Solar is a revenue opportunity utilities can no longer ignore.
In the next few years, electricity providers will have to face the question of how solar will fit into their businesses.
“It is something of a menu,” explained co-author Mike Taylor. “The choice will depend on the politics, the balance of the utility interests and solar interests, the state of the solar market, and how advanced and organized the solar industry is.”
The traditional ways to value solar
The traditional way to value solar is through the retail electricity rate. It is the basis for rooftop solar’s vital net energy metering (NEM) policy. “NEM is a reasonable tool in nascent markets. Its simplicity and ease of understanding to customers and the solar industry work have spurred solar,” explained SEPA Strategy and Programs VP Eran Mahrer. “But once you have the first seeds of a market, you need to think about where you want to go over the long term.”
The next two ways of valuing solar are variations on the retail electricity rate that have evolved out of the many debates over NEM. One would retain NEM and add some kind of “demand” or “fixed” or “flat” charge for all customers to cover lost utility revenues. The other would retain NEM and add a “dollars-per kilowatt” or a “dollars-per-month” or a “dollars-per-kilowatt-per month” charge for solar owners.
“These are different constructs of the same thing,” Mahrer said. “They use familiar tools that utilities and regulators have used for years to solve the new problem. But will they work in a universe of increased distributed generation resource types, electric vehicles, and more active home energy management systems?”
New ways to value solar
The last two ways of valuing solar, Mahrer said, are forward-looking. One separates the retail price of electricity. It pays solar owners for the value their site-generated electricity adds to the grid and charges them the same as all other utility customers for their use of grid electricity.

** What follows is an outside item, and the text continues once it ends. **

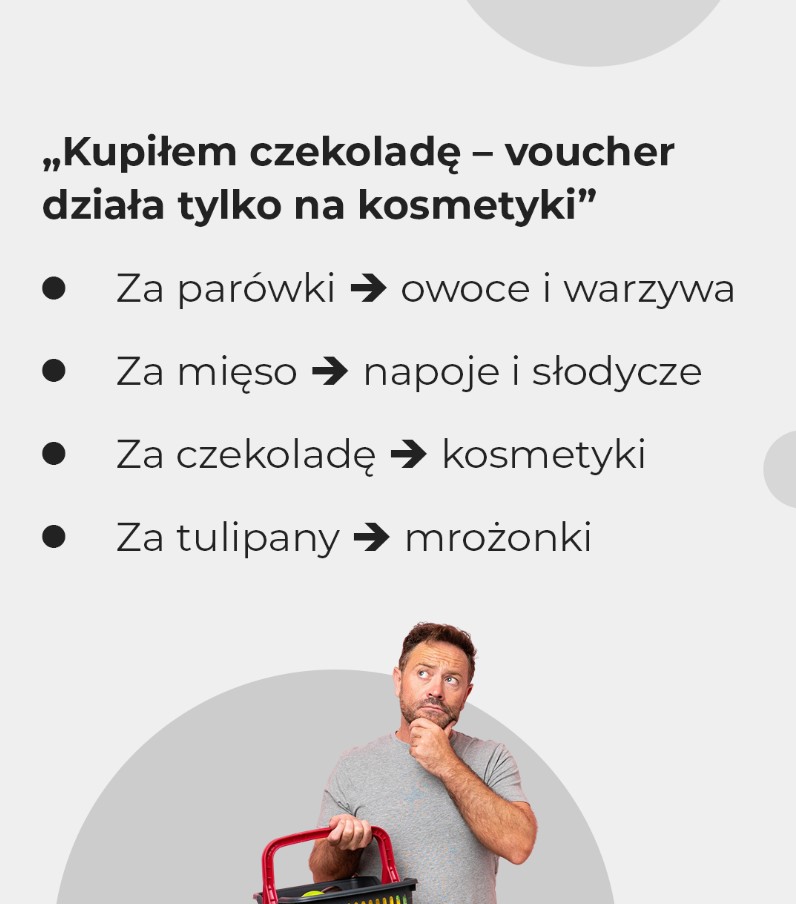 W teorii konsument miał otrzymać voucher o równowartości zakupu na kolejne sprawunki. W praktyce jednak klienci, np. kupując ptasie mleczko, otrzymywali voucher na zakup soków o minimalnej wartości 25 złotych. Takich przykładów jest więcej: za parówki klient dostał voucher na owoce i warzywa, za czekoladę – voucher na kosmetyki, a za mięso – kupon na napoje lub słodycze.

This value of solar concept was first introduced by Austin Energy in 2012. This year, Minnesota made it a law which is now being studied by Xcel Energy and Minnesota Power.
SEPA’s fifth option is Transactive Energy Services, as developed in research by San Diego Gas and Electric, the EPIC Center, Black & Veatch, and Clean Power Research. Though not yet implemented, It is “a broad sweeping reform of current rate design" that considers the full range of energy attributes and services provided by both utilities and customers. And it incorporates “detailed menus of electricity costs, benefits and services.”
“Transactive Energy Services could have a whole series of numbers that could be generated on an annual basis or on a near real-time basis, depending on the market,” Mahrer said. “It is not available today but there will be a lot of enabling technologies, through the advanced metering infrastructure being put in place today, or other types of communication technologies, and it is where the industry has to go.”
“Today you buy electricity as a bundled product but it is being unbundled,” Taylor added. “The interim step is probably time-of-use rates that Sacramento Municipal Utility District is working on, to send smarter market signals for consumption and generation. That is a transition toward a very sophisticated and wholly conceptual future that will require smart meters, a smart grid, sophisticated customers, and solar people who can explain it to customers.”
Transactive Energy Services is similar to the mass customization used by manufacturers to allow customers to place orders for standard products with customized attributes at little incremental cost, Mahrer said. “Today, customers want a customized product from utilities that may have a solar attribute, an efficiency attribute, a rate that conforms with their behavior, an energy management system, a demand response rate, electric vehicle charging, or storage.”
Community solar is a first step toward mass customization, Mahrer added. Utilities are beginning to realize it is not a good idea to send customers who don’t have the means to build solar on their rooftops to other providers. Instead, they can build a solar project and market either panels or kilowatts from it to their customers.
This will be an especially important approach after December 31, 2016, when the 30% investment tax credit (ITC) drops to 10%, according to the SEPA paper. The tax equity available to institutional investors has been vital to the accumulation of the capital needed to build utility-scale solar projects.
Without the ITC, the utility-scale solar market could change drastically. This is part of why utilities’ have been reluctant about solar, according to Mahrer. “Utilities have been slower to react to solar because the rules of engagement are not clear,” he said. “A lot of questions remain unanswered and, unsurprisingly, utilities have resisted going first.”
But “utilities can be expected to evolve and streamline offerings,” the SEPA paper concludes. “At a minimum these designs will have to respond to customers’ needs without adversely affecting retail rates, while offering new revenue and partnership opportunities for utilities and the solar industry.”
The ultimate best practices have not yet emerged but SEPA proposes responding to the uncertainties not by ignoring solar but by planning for it, Mahrer said. “We underscore the need for a planned transition strategy.”